Find a number \(t\) such that the line containing the points \((4, t)\) and (-1,6) is perpendicular to the line that contains the points (3,5) and (1,-2) .

Short Answer

Expert verified
The value of t for which the line containing the points \((4, t)\) and \((-1, 6)\) is perpendicular to the line containing the points \((3, 5)\) and \((1, -2)\) is \(t = \cfrac{32}{7}\).

Step by step solution

01

Find the slope of the line containing the points (3,5) and (1,-2)

To find the slope, we can use the slope formula: \( slope (m) = \cfrac{ y_2 - y_1}{x_2 - x_1}\) For the points (3,5) as (x1, y1) and (1,-2) as (x2, y2), we can substitute into the formula and calculate: \(m = \cfrac{-2 - 5}{1 - 3} = \cfrac{-7}{-2} = \cfrac{7}{2}\) The slope of the line containing the points (3,5) and (1,-2) is \(m = \cfrac{7}{2}\).
02

Determine the slope of the perpendicular line

The slope of a line perpendicular to another line with slope 'm' is the negative reciprocal of that slope. For the given slope \(\cfrac{7}{2}\), the negative reciprocal can be found as follows: \( m_{perpendicular} = -\cfrac{1}{m} = -\cfrac{1}{\cfrac{7}{2}} = -\cfrac{2}{7} \) The slope of the line perpendicular to the given line is \(m_{perpendicular} = -\cfrac{2}{7}\).
03

Set up the general equation for the line containing points (4, t) and (-1,6)

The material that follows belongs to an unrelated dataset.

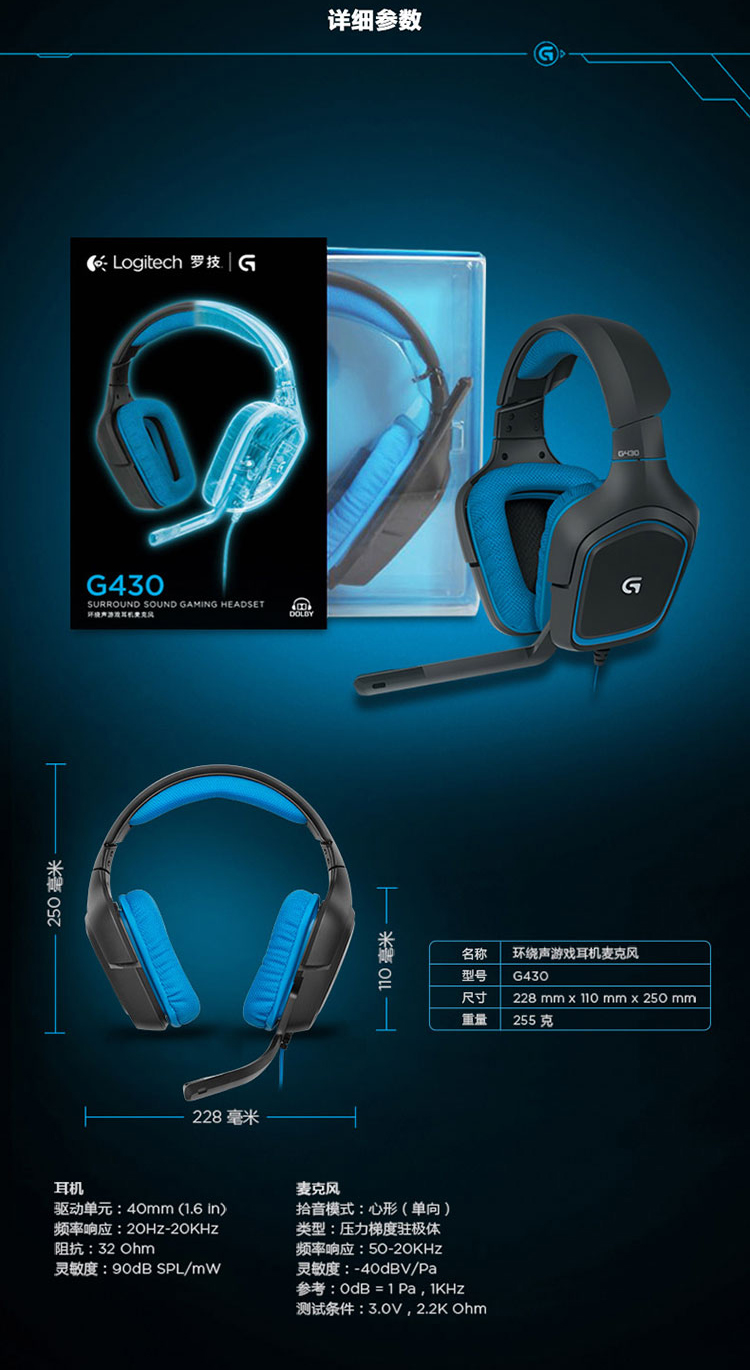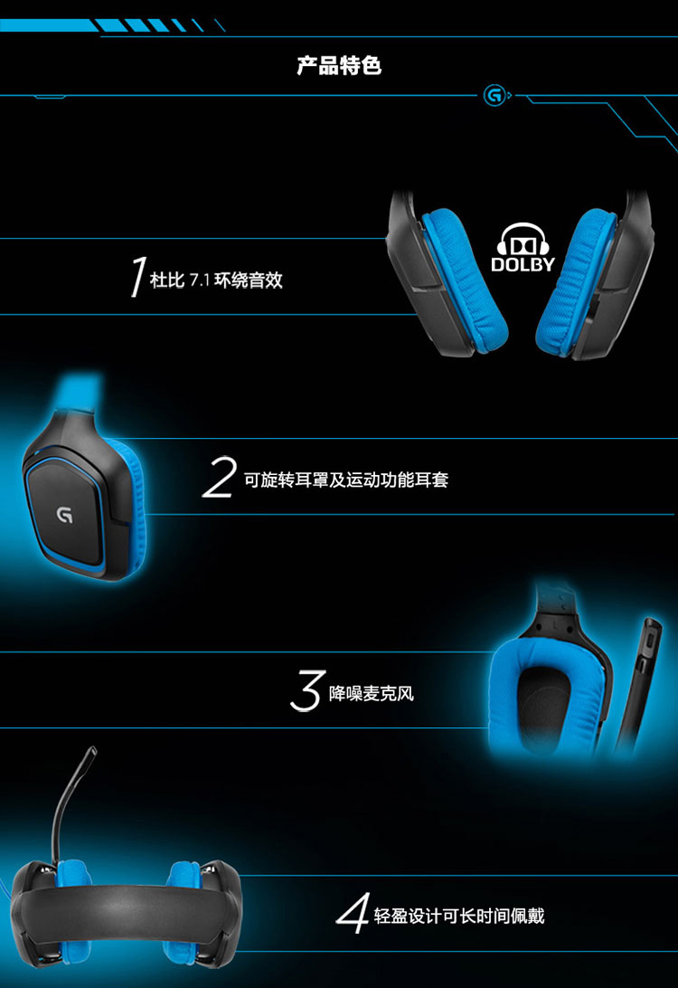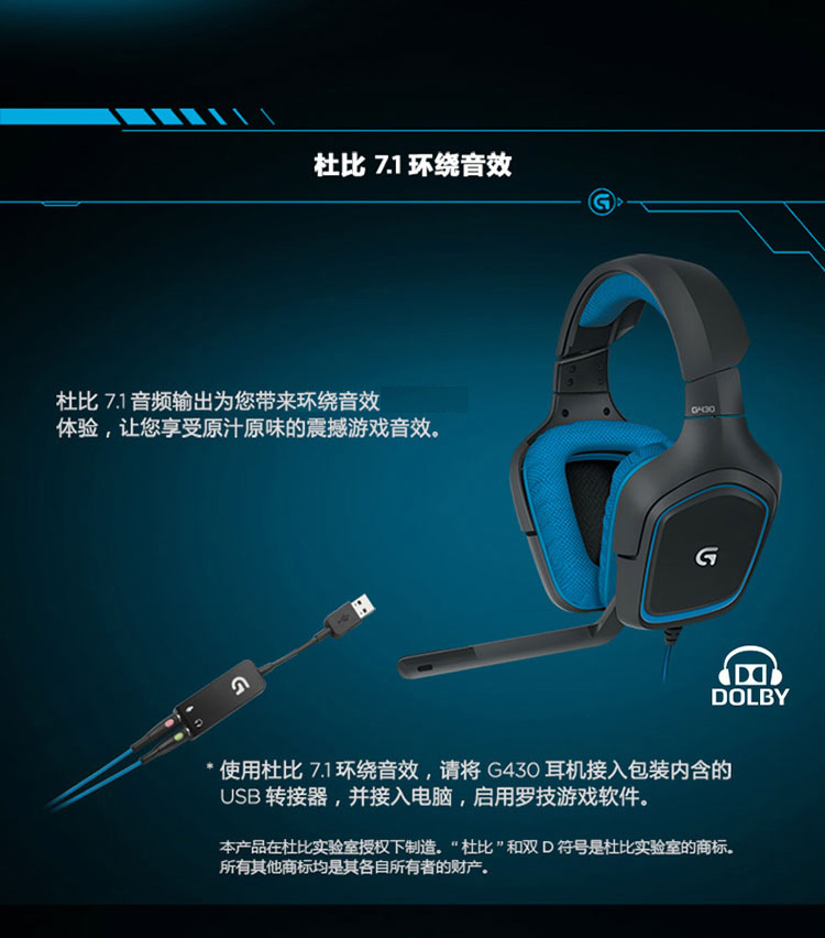 罗技 G430环绕立体声耳机麦克风

Using the slope-point form of the line, we can write the equation for the line containing points (4, t) and (-1,6) in terms of the slope, m_{perpendicular}, and the coordinates of the points: \( y - t = m_{perpendicular}(x - 4) \) We know the value of \(m_{perpendicular}\) is \(-\cfrac{2}{7}\), so substituting it, we get: \( y - t = -\cfrac{2}{7}(x - 4) \)
04

Plug in the coordinates of (-1,6) into the equation and solve for t

Now, we can substitute the coordinates of the other point (-1, 6) into the equation and solve for t: \(6 - t = -\cfrac{2}{7}(-1 - 4)\) Next, we simplify the equation: \(6 - t = -\cfrac{2}{7}(-5)\) and, \(6 - t = \cfrac{10}{7}\) Then, we solve for t: \(t = 6 - \cfrac{10}{7}\) To find t, we express 6 as a fraction with denominator of 7: \(t = \cfrac{42}{7} - \cfrac{10}{7}\) Finally, we subtract the fractions: \(t = \cfrac{32}{7}\)
05

State the result

The value of t is \(\cfrac{32}{7}\), so the y-coordinate of the point (4, t) that makes the line containing points (4, t) and (-1, 6) perpendicular to the line containing points (3,5) and (1,-2) is \(t = \cfrac{32}{7}\).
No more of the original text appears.